A group of medical professionals in Quebec has signed a petition to refuse the increased salaries, stating that they do not want the hundreds of millions of dollars promised to them after contract negotiations with the government last month.

Instead, the doctors wants the money to be used to increase salaries of other medical professionals, such as nurses, as well as to improve the quality of healthcare services for their patients. The large allocation of money would, in theory, help to make healthcare more affordable to many of their patients.

"We, Quebec doctors who believe in a strong public system, oppose the recent salary increases negotiated by our medical federations. These increases are all the more shocking because our nurses, clerks and other professionals face very difficult working conditions, while our patients live with the lack of access to required services because of the drastic cuts in recent years and the centralization of power in the Ministry of Health. "We believe that there is a way to redistribute the resources of the Quebec health system to promote the health of the population and meet the needs of patients without pushing workers to the end," reads the petition from the group Médecins Québécois pour la Régime Public (or MQRP).

Currently, more than 700 physicians, residents, and specialists have signed the petition in an effort to reallocate the funds.

According to Quebec’s health minister, the government-controlled health ministry cannot rescind the raises. "That's something that I would accept if they would accept among themselves. But the doctors who are in that position are still the small minority. It's like a union itself in terms of functioning. In terms of getting compensation, they are grouped in a larger body to negotiate with the government,” Minister Gaetan Barrette told CNN.

In other words, the raises cannot be rescinded or reallocated unless voted for by the majority of doctors in Quebec.

In recent months, a nurses union has gained notoriety for its attempts to push the government to address a nursing shortage. The union has sought the passage of a law that would limit the number of patients that a nurse could see at one time.

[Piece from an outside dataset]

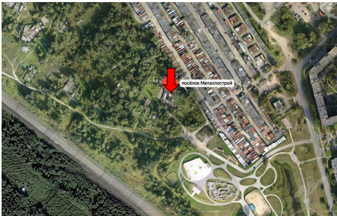
Рисунок 3 – Местоположение оцениваемого земельного участка на карте города

In January, the nursing shortage reached a fever pitch, when a video posted to Facebook by a Quebec nurse went viral. In the video, Émilie Ricard appears exhausted and teary-eyed, having just finished a shift where she cared for over 70 patients as the only nurse on her floor.

“This is the face of nursing,” Ricard wrote in her post. “I don’t know where you're going to get your information, but it’s not in the reality of nursing,” the nurse wrote. “I am broken by my profession, I am ashamed of the poverty of the care that I provide as far as possible. My health system is sick and dying.”

Discrepancies in healthcare costs and the salaries to top tier physicians is not unique to Canada. In 2017, it was reported that Americans spent $3.4 trillion annually on healthcare costs. In contrast, the average annual full-time compensation for patient care was $294,000. Top tier medical professionals and specialists continue to make astronomical amounts of money, while the cost for access to medical care continues to rise, amid Trump’s repeated efforts to dismantle affordable healthcare coverage for Americans.

While this example is very Canadian (where else but Canada would doctors refuse raises?), it sheds light on a continuing global healthcare crisis.